** Data for processing **
>>>>
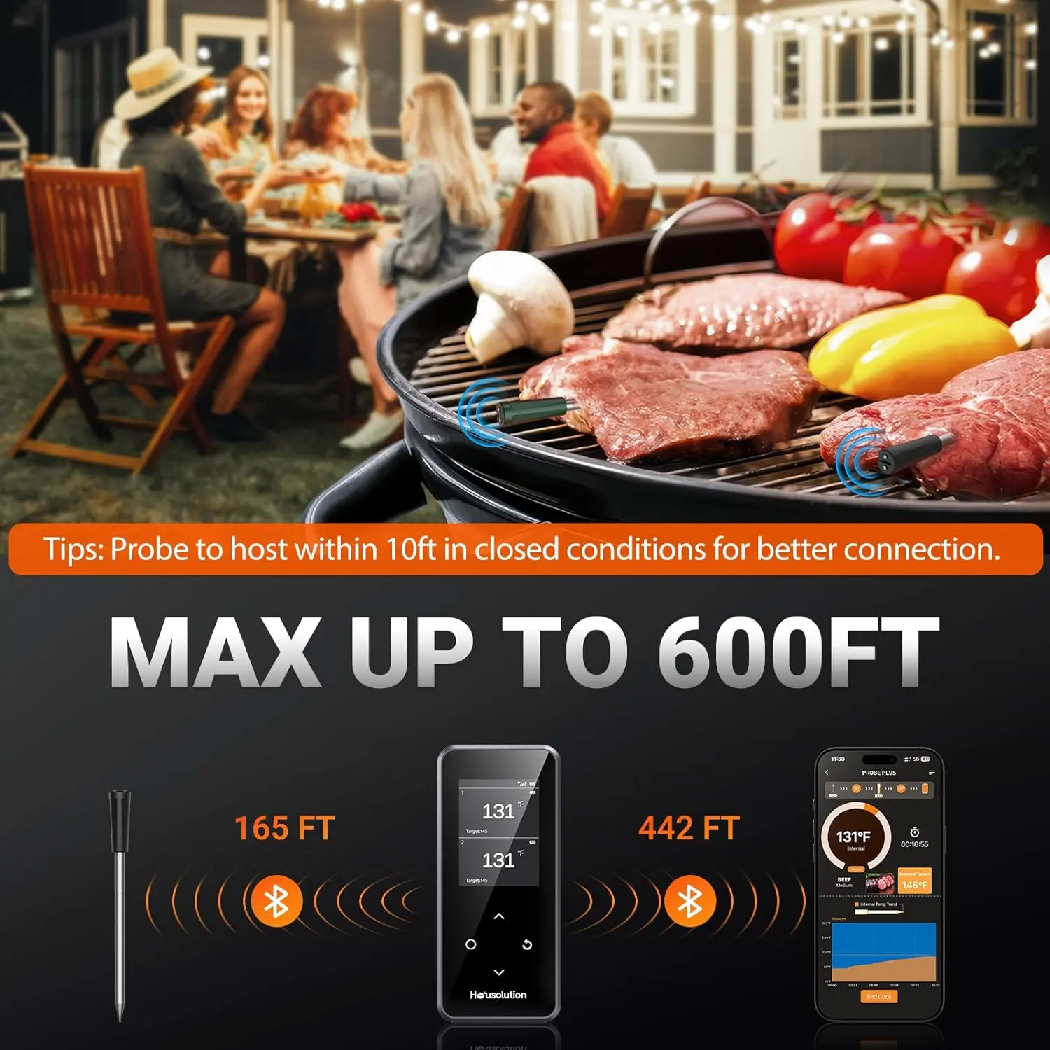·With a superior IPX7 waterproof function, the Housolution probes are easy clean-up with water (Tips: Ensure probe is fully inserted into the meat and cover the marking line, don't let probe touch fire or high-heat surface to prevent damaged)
<<<<
>>>>
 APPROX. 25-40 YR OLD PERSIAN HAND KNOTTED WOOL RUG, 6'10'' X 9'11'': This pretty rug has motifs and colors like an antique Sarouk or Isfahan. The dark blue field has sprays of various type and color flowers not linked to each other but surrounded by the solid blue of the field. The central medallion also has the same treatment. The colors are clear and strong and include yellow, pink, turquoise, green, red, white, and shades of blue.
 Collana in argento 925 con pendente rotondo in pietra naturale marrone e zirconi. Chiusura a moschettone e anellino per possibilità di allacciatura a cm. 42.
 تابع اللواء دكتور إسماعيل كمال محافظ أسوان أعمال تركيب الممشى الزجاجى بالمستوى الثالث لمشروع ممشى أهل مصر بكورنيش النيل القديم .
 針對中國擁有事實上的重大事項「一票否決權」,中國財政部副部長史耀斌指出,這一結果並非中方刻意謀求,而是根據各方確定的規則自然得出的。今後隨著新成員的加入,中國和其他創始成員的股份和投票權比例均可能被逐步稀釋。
<<<<
** What is being asked **
All lines above from the one containing "APPROX. 25-40 YR" to the one containing "針對中國擁有事實上的重大事項" must be repeated exactly, both lines included, and no others.

** Answer to the exercise **
 APPROX. 25-40 YR OLD PERSIAN HAND KNOTTED WOOL RUG, 6'10'' X 9'11'': This pretty rug has motifs and colors like an antique Sarouk or Isfahan. The dark blue field has sprays of various type and color flowers not linked to each other but surrounded by the solid blue of the field. The central medallion also has the same treatment. The colors are clear and strong and include yellow, pink, turquoise, green, red, white, and shades of blue.
 Collana in argento 925 con pendente rotondo in pietra naturale marrone e zirconi. Chiusura a moschettone e anellino per possibilità di allacciatura a cm. 42.
 تابع اللواء دكتور إسماعيل كمال محافظ أسوان أعمال تركيب الممشى الزجاجى بالمستوى الثالث لمشروع ممشى أهل مصر بكورنيش النيل القديم .
 針對中國擁有事實上的重大事項「一票否決權」,中國財政部副部長史耀斌指出,這一結果並非中方刻意謀求,而是根據各方確定的規則自然得出的。今後隨著新成員的加入,中國和其他創始成員的股份和投票權比例均可能被逐步稀釋。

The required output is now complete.